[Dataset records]
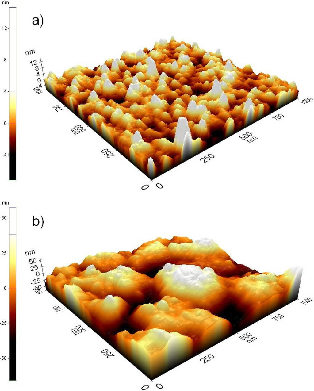 As one potential source for lower impedance is the bigger effective surface area, we also performed atomic force microscopy (AFM) measurements (XE-100 AFM, Park Systems, Suwon, Korea) to assess effective surface area difference between titanium and TiN surfaces. For each MEA type 1 μm × 1 μm scans including 256 × 256 pixels were performed in a tapping mode.
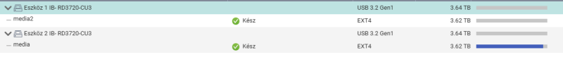 Sebességben is jó, a nas látja külön-külön a 2 disk-et.
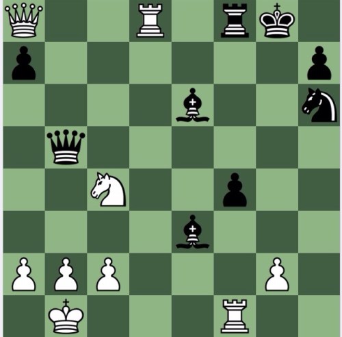 Here, the threat is 1 Rf8+, but 1…Qc4! is a double attack, on the LPDO Rf1 and LPDO Pa2, both of which are lethal. So 2 Rf8+ Kg7 and white has only spite checks left, so 0-1.
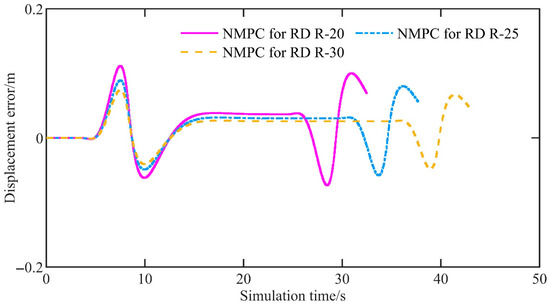 Figure 16 shows the displacement error. For NMPC for RD R-30, NMPC for RD R-25, and NMPC for RD R-20, the mean displacement errors are 0.017 m, 0.019 m, and 0.021 m, and the maximum amplitudes are 0.074 m, 0.089 m, and 0.112 m, respectively. It is evident that, as the curvature of the U-shaped curve increases (i.e., as the radius decreases), both the mean and maximum displacement errors increase. Of course, the increase is minimal.
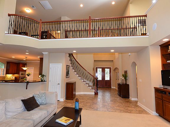 Exquisite space for a growing family, this home features a 2 story great room with open, flowing floor plan. Huge gourmet cooks kitchen and formal dining is connected by a cozy butler pantry and wine area. Upstairs is guest suite, family room, private office, and oversized bedrooms. Beautiful shade trees front and back, and close to outstanding schools!
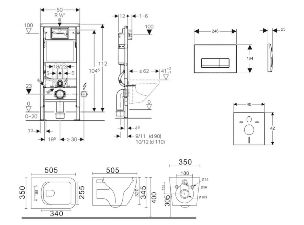 - pre montáž závesného WC so vzdialenosťou upevnenia 18 cm alebo 23 cm
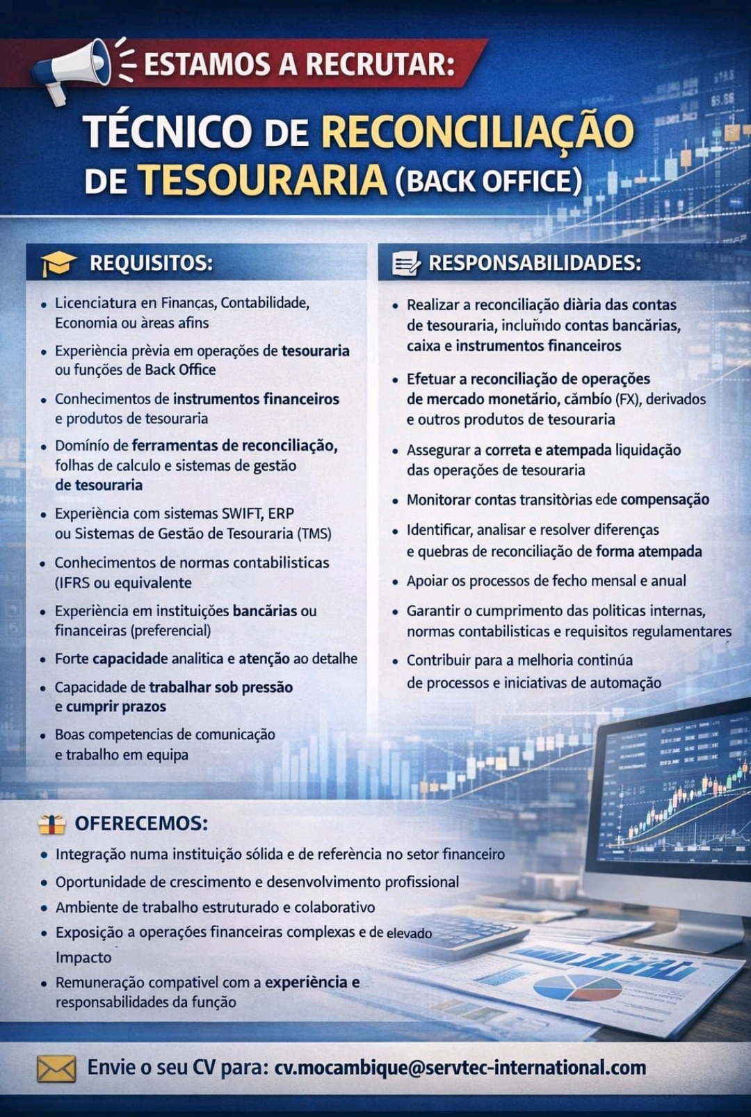 Vaga – Técnico de Conciliação de Tesouraria (Back office) para Maputo
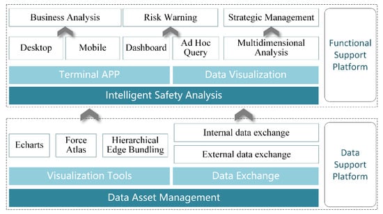 By constructing safety risk big data analysis models and algorithms, researching and investigating new approaches to the scientific management of mine safety risks, and fully exploring the potential value of mine safety production data, the overall implementation process of safety risk intelligence analysis and early warning is performed, as shown in Figure 5. Based on the standardized safety business data and monitoring data, the existing big data analysis models and algorithms were modularized, encapsulated, and materialized to rapidly respond to data analysis requirements. Finally, the integrated display of risk information was achieved through business intelligence tools and data visualization algorithms.
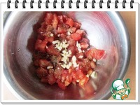 Отправляем нарезанные помидоры в миску, добавляем соль, перец, измельченный чеснок, сухие травы и растительное масло. Перемешиваем. |
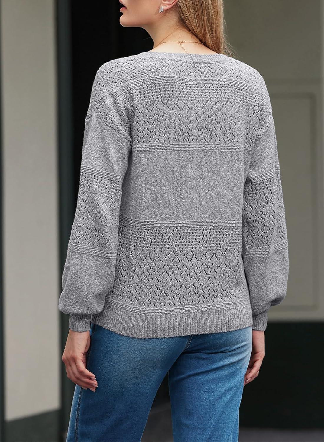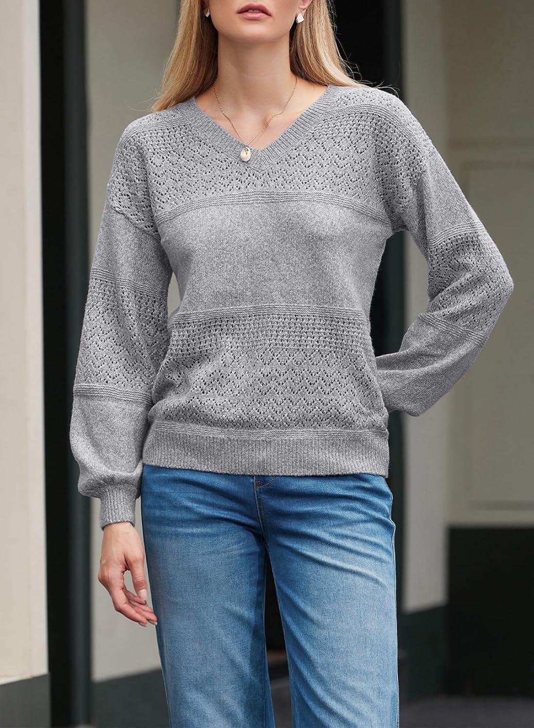 SHEWIN Women’s Sweaters Casual Long Sleeve V Neck Lightweight Crochet Pullover Sweater Tops(A Gray)
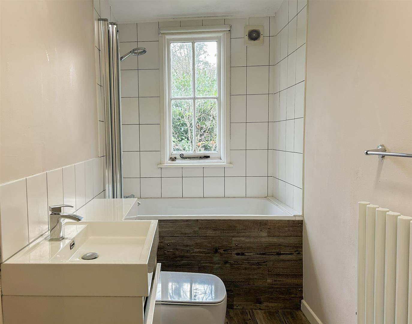 - Bathroom with thermostatic shower over bath
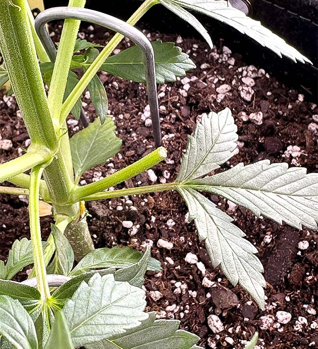 На пятой неделе я по своей неосторожности сломал нижнюю ветку, которая росла из узла с первым лопухом. Сделал это, когда подсыпал почвы в горшок. Решил не мучить кустик и просто обрезал веточку в месте перелома. Несмотря на этот казус, на 30-й день начал делать LST. На 32-й полил компостным чаем от Recharge. Затем сделал еще один фимминг, а на одной макухе – топпинг. 34-й день, подкормка, 2 литра:

*TASK GOAL*
Your answer must be an exact copy of the data above, minus its pictures.

*TASK RESPONSE*
 As one potential source for lower impedance is the bigger effective surface area, we also performed atomic force microscopy (AFM) measurements (XE-100 AFM, Park Systems, Suwon, Korea) to assess effective surface area difference between titanium and TiN surfaces. For each MEA type 1 μm × 1 μm scans including 256 × 256 pixels were performed in a tapping mode.
 Sebességben is jó, a nas látja külön-külön a 2 disk-et.
 Here, the threat is 1 Rf8+, but 1…Qc4! is a double attack, on the LPDO Rf1 and LPDO Pa2, both of which are lethal. So 2 Rf8+ Kg7 and white has only spite checks left, so 0-1.
 Figure 16 shows the displacement error. For NMPC for RD R-30, NMPC for RD R-25, and NMPC for RD R-20, the mean displacement errors are 0.017 m, 0.019 m, and 0.021 m, and the maximum amplitudes are 0.074 m, 0.089 m, and 0.112 m, respectively. It is evident that, as the curvature of the U-shaped curve increases (i.e., as the radius decreases), both the mean and maximum displacement errors increase. Of course, the increase is minimal.
 Exquisite space for a growing family, this home features a 2 story great room with open, flowing floor plan. Huge gourmet cooks kitchen and formal dining is connected by a cozy butler pantry and wine area. Upstairs is guest suite, family room, private office, and oversized bedrooms. Beautiful shade trees front and back, and close to outstanding schools!
 - pre montáž závesného WC so vzdialenosťou upevnenia 18 cm alebo 23 cm
 Vaga – Técnico de Conciliação de Tesouraria (Back office) para Maputo
 By constructing safety risk big data analysis models and algorithms, researching and investigating new approaches to the scientific management of mine safety risks, and fully exploring the potential value of mine safety production data, the overall implementation process of safety risk intelligence analysis and early warning is performed, as shown in Figure 5. Based on the standardized safety business data and monitoring data, the existing big data analysis models and algorithms were modularized, encapsulated, and materialized to rapidly respond to data analysis requirements. Finally, the integrated display of risk information was achieved through business intelligence tools and data visualization algorithms.
 Отправляем нарезанные помидоры в миску, добавляем соль, перец, измельченный чеснок, сухие травы и растительное масло. Перемешиваем. |
 SHEWIN Women’s Sweaters Casual Long Sleeve V Neck Lightweight Crochet Pullover Sweater Tops(A Gray)
 - Bathroom with thermostatic shower over bath
 На пятой неделе я по своей неосторожности сломал нижнюю ветку, которая росла из узла с первым лопухом. Сделал это, когда подсыпал почвы в горшок. Решил не мучить кустик и просто обрезал веточку в месте перелома. Несмотря на этот казус, на 30-й день начал делать LST. На 32-й полил компостным чаем от Recharge. Затем сделал еще один фимминг, а на одной макухе – топпинг. 34-й день, подкормка, 2 литра:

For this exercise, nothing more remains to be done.